I think part of it is definitely that Rolex prefers aesthetics to functionality. The thing with having AR coating, at least on the outside, is that it attracts smudges.


----------



## IRBilldozer (Feb 17, 2013)

valmak said:


> The 556 is a fun watch but it scratches really easily and the scratches really show. It's heavier than the Explorer if it's on bracelet. I'm curious, why didn't the explorer click with you. I handled it over the weekend and wasn't tremendously impressed by it either.


I've heard this from several people and this is one of the reason I went with a Damasko when I was debating between the 556 and DA36. Though if Pubcrawler is selling off an Explorer...there would be more than enough funds to buy a Sinn 856 tegimented (non-UTC). Same look as the 556 but with that nice scratch resistant coating. The 856 with bracelet comes in at just under $2k new, there would be money leftover still from the Explorer sale.

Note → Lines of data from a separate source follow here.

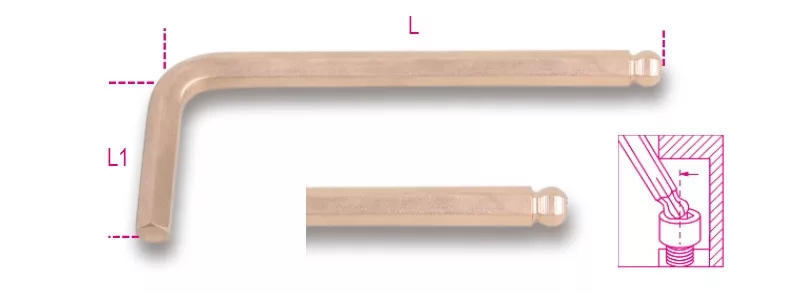 Hajlított gömbfejű imbuszkulcs, szikramentes • Réz-berillium ötvözet (CU-BE) • A Beta szikramentes szerszámokat a BAM (Szövetségi Anyagkutató és Vizsgáló Intézet) a 99/92/EC Európai Irányelvnek megfelelően tanusítja.
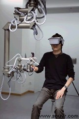 近年来,触觉方式在高级多模式远程控制(Telepresence或Telemanipulation,亦称“网真”)以及虚拟环境应用领域中的作用得到了越来越多的关注。除了多媒体(三维立体图形和立体声学)方式以外,触觉作为人机交互中最重要的方式之一,通常涵盖人的运动知觉、触摸感觉、以及对温度的感应力 运动知觉反馈设备可以为操作人员提供机械的作用力及扭矩反馈信息。这些信息通常是远程操控环境的测量数据,也可以根据虚拟物体之间的交互动作通过“虚拟现实触觉处理引擎”计算得出。目前,触觉设备已在不同领域中成功运用,包括远程遥控手术、医疗及手术虚拟现实系统、病患康复、远程及显微操控、远程维护、虚拟原型制作、科研视觉化、以及教育等。为了研制一款可以在大空间内完成高作用力任务的触觉设备,慕尼黑工业大学自动控制学院设计发明了ViSHaRD10超冗余触觉显示设备(10驱动自由度虚拟场景绘制设备),适用于虚拟现实及远程控制领域。同时,为了增强操作人员对远程或虚拟环境的感应,系统还配备了头盔显示器供操作人员使用。 下图为操作人员在使用“超冗余触觉显示器”进行触觉交互: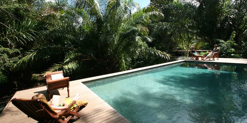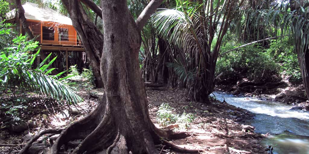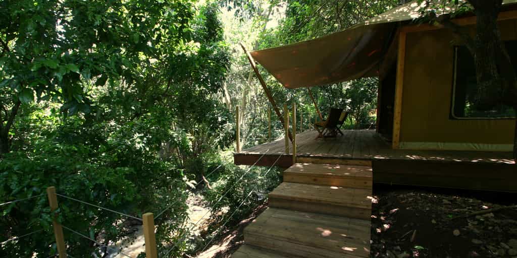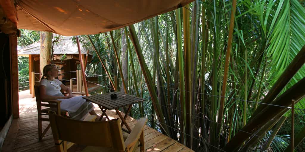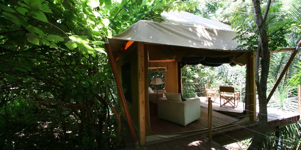 Tucked among the trees, the six private tented rooms are accessed by elevated walkways through the canopy. Each has a broad deck overlooking the river, with a private 'zen area' extension that's ideal for enjoying the silence and sights. Inside, the rooms are spacious, with wooden floors, queen-sized beds, and en-suite bathrooms with shower, toilet and basin. Decor is simple – crisp white linens and subtle African prints; the luxury comes through in the clever architecture and attention to detail.

Oh and to answer your question Pubcrawler I think the Siin 856/556 are definitely good alternative to the Explorer.


----------



## Pubcrawler (May 21, 2011)

valmak said:


> The 556 is a fun watch but it scratches really easily and the scratches really show. It's heavier than the Explorer if it's on bracelet. I'm curious, why didn't the explorer click with you. I handled it over the weekend and wasn't tremendously impressed by it either.

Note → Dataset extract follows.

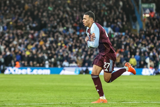 Morgan Rogers of Aston Villa celebrates his goal to make it 1-2 during the Premier League match Leeds United vs Aston Villa at Elland Road, Leeds, United Kingdom, 23rd November 2025, Credit:Ae Cosgrove/News Images / Avalon

That's a good question. The Explorer is a great watch - keeps excellent time, the bracelet is absolutely fantastic, case and dial are great looking... but something just doesn't speak to me. Its wears a bigger than 39mm and the lack of date (which, at the time didn't seem like a big deal) has become an issue. For the money spent it should be perfect, at least in my eyes. While I like the idea of a watch that can be worn hiking, in the swimming pool or with a business suit, the Explorer just didn't fit. After seeing some of the responses, I'm not sure the Sinn 556i will fit either.


----------



## ck1109 (Feb 17, 2013)

Do you like the aesthetics of a Damasko? The DA36 would be a great alternative to the Explorer in terms of being a daily wearer watch.


----------



## flyingpicasso (Jun 28, 2010)

If you like the aesthetics of the Explorer, I'd recommend trying the older 36mm version if you feel the 39mm is a bit large. Here's another option (my Nomos) that has some of the same aesthetics as the Explorer and 100m WR. Mine is the 36mm handwound version, but they have larger sizes with date and also with an automatic movement (all in-house, like Rolex, if that matters to you). Oh, and they can be had for around $1,800 and up (depending on model variations) new.

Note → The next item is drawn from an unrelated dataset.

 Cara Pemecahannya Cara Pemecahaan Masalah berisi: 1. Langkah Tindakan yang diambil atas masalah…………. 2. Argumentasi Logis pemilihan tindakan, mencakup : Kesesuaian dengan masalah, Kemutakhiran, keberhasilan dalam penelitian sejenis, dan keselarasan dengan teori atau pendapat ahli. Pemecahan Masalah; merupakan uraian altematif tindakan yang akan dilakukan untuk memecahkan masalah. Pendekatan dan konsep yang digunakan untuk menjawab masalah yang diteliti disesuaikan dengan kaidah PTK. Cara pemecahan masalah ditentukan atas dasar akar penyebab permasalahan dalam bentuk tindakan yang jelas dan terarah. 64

As for the 556, I like it overall, but not the short hands. I like the Damasko that was recommended, but note that the case is more toolish and gray than the others. Great watch if that doesn't bother you. Also consider the Muhle 29er as a German alternative. Comes in 36.6mm and 42.4mm. Borrowed pic:


----------



## Pubcrawler (May 21, 2011)

ck1109 said:


> Do you like the aesthetics of a Damasko? The DA36 would be a great alternative to the Explorer in terms of being a daily wearer watch.


I looked at Damasko but didn't see any model under 40mm. With my 6.5" wrist, it seems that 38mm is the maximum size that feels comfortable. Do they have a 38mm model?


----------



## Pubcrawler (May 21, 2011)

flyingpicasso said:


> If you like the aesthetics of the Explorer, I'd recommend trying the older 36mm version if you feel the 39mm is a bit large. Here's another option (my Nomos) that has some of the same aesthetics as the Explorer and 100m WR. Mine is the 36mm handwound version, but they have larger sizes with date and also with an automatic movement (all in-house, like Rolex, if that matters to you). Oh, and they can be had for around $1,800 and up (depending on model variations) new.
> 
> As for the 556, I like it overall, but not the short hands. I like the Damasko that was recommended, but note that the case is more toolish and gray than the others. Great watch if that doesn't bother you. Also consider the Muhle 29er as a German alternative. Comes in 36.6mm and 42.4mm. Borrowed pic:


The Muhle 29er is a very interesting watch. I'll have to check that one out. Thanks!


----------



## Quotron (Dec 6, 2013)

Pubcrawler said:


> That's a good question. The Explorer is a great watch - keeps excellent time, the bracelet is absolutely fantastic, case and dial are great looking... but something just doesn't speak to me. Its wears a bigger than 39mm and the lack of date (which, at the time didn't seem like a big deal) has become an issue. For the money spent it should be perfect, at least in my eyes. While I like the idea of a watch that can be worn hiking, in the swimming pool or with a business suit, the Explorer just didn't fit. After seeing some of the responses, I'm not sure the Sinn 556i will fit either.


Perhaps you should look into the Omega Aqua Terra, it seems that may be a good fit for you. It has a WR of 150m, a date, a variety of sizes (36 to 41mm) and should be able to transition from suit to swimming trunks quite easily.


----------



## valmak (May 29, 2010)

It sounds like the thing that bothered you most is the lack of value for the Rolex. If that's the case, I would suggest the Sinn 856 on bracelet or a Grand Seiko. In either case you are getting more than you pay for.


----------



## ck1109 (Feb 17, 2013)

Pubcrawler said:


> I looked at Damasko but didn't see any model under 40mm. With my 6.5" wrist, it seems that 38mm is the maximum size that feels comfortable. Do they have a 38mm model?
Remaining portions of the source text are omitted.